Когда Брандер Мэтьюз заявляет, что романы Купера «говорят о необычайно богатом воображении автора», это настораживает. Как правило, я охотно разделяю литературные взгляды Брандера Мэтьюза и восхищаюсь ясностью и изяществом его стиля, но к этому его утверждению следует отнестись весьма и весьма скептически. Видит бог, воображения у Купера было не больше, чем у быка, причем я имею в виду не рогатого, мычащего быка, а промежуточную опору моста. В романах Купера очень трудно найти действительно интересную ситуацию, но еще трудней найти такую, которую ему не удалось бы довести до абсурда своей манерой изложении. Взять хотя бы эпизоды в пещере;

знаменитую потасовку на плато с участием Макуа несколько дней спустя;

любопытную переправу Гарри Непоседы из замка в ковчег;

полчаса, проведенные Зверобоем около своей первой жертвы;

ссору между Гарри Непоседой и Зверобоем, и... но вы можете остановить свой выбор на любом другом эпизоде и, я уверен, вы не ошибетесь. Воображение у Купера работало бы лучше, если бы он обладал способностью наблюдать: он писал бы если не увлекательнее, то, по крайней мере, более разумно и правдоподобно. Отсутствие наблюдательности сильно сказывается на всех хваленых куперовских «ситуациях». У Купера был удивительно неточный глаз. Он редко различал что либо отчетливо, обычно предметы расплывались у него перед глазами. Разумеется, человеку, который не видит отчетливо самые обычные, повседневные предметы, окружающие его, приходится трудно, когда он берется за «ситуации». В романе «Зверобой» Купер описывает речку, берущую начало из озера, и ширина ее у истока — 50 футов, но затем она сужается до 20 футов. Почему? Непонятно. Но ведь если река позволяет себе такие вещи, читатель вправе потребовать объяснения. Через четырнадцать страниц мы узнаем, что ширина речки у истока неожиданно сузилась до 20 футов и стала «самой узкой частью реки». Почему она сузилась?

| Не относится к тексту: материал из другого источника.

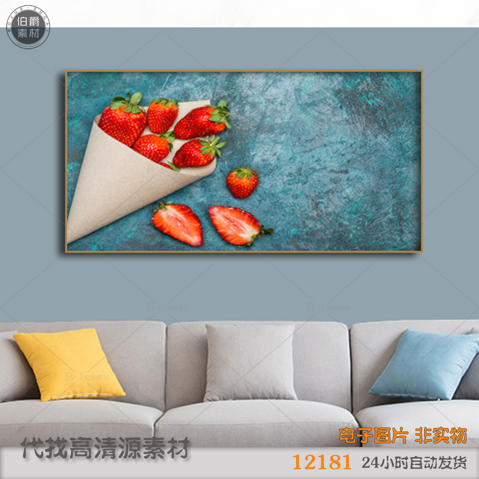 现代轻奢大气横幅水果草莓黑白装饰画创意简约沙发背景墙挂画素材热门设计联盟服务商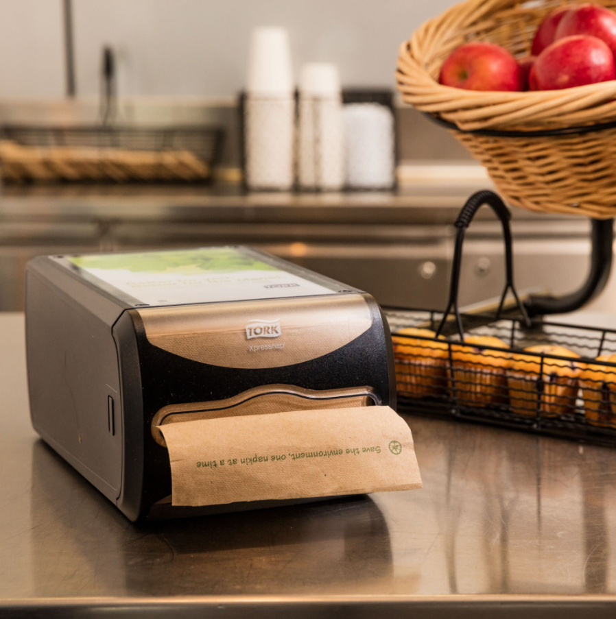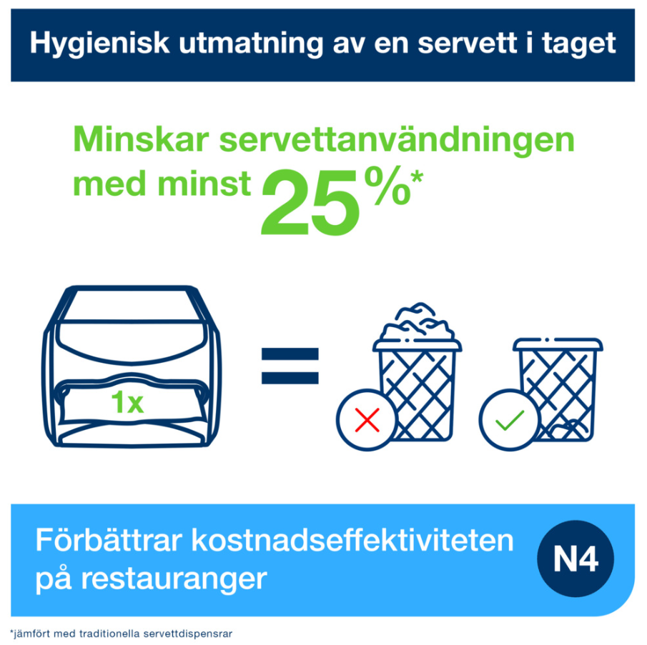 Utmatning av en servett i taget minskar onödig förbrukning och avfall.

Тоже неизвестно. Река образует излучины. Ну, ясно, берега наносные, и река размывает их;

но вот Купер пишет, что длина этих излучин не превышает 30 50 футов. Будь Купер наблюдательнее, он бы заметил, что обычная то длина таких излучин меньше чем 900 футов не бывает.

Непонятно, почему в первом случае ширина реки у истока 50 футов, однако можно догадаться, что во втором случае Купер сузил ее до 20 футов, чтобы услужить индейцам. Сузив в этом месте речку, он дугой перегнул над ней молодое деревце и спрятал в его листве шесть индейцев. Они подкарауливают ковчег с переселенцами, направляющийся вверх по реке к озеру;

ковчег движется против сильного течения, его подтягивают на канате, один конец которого с якорем брошен в озеро;

скорость ковчега в таких условиях не может превышать милю в час.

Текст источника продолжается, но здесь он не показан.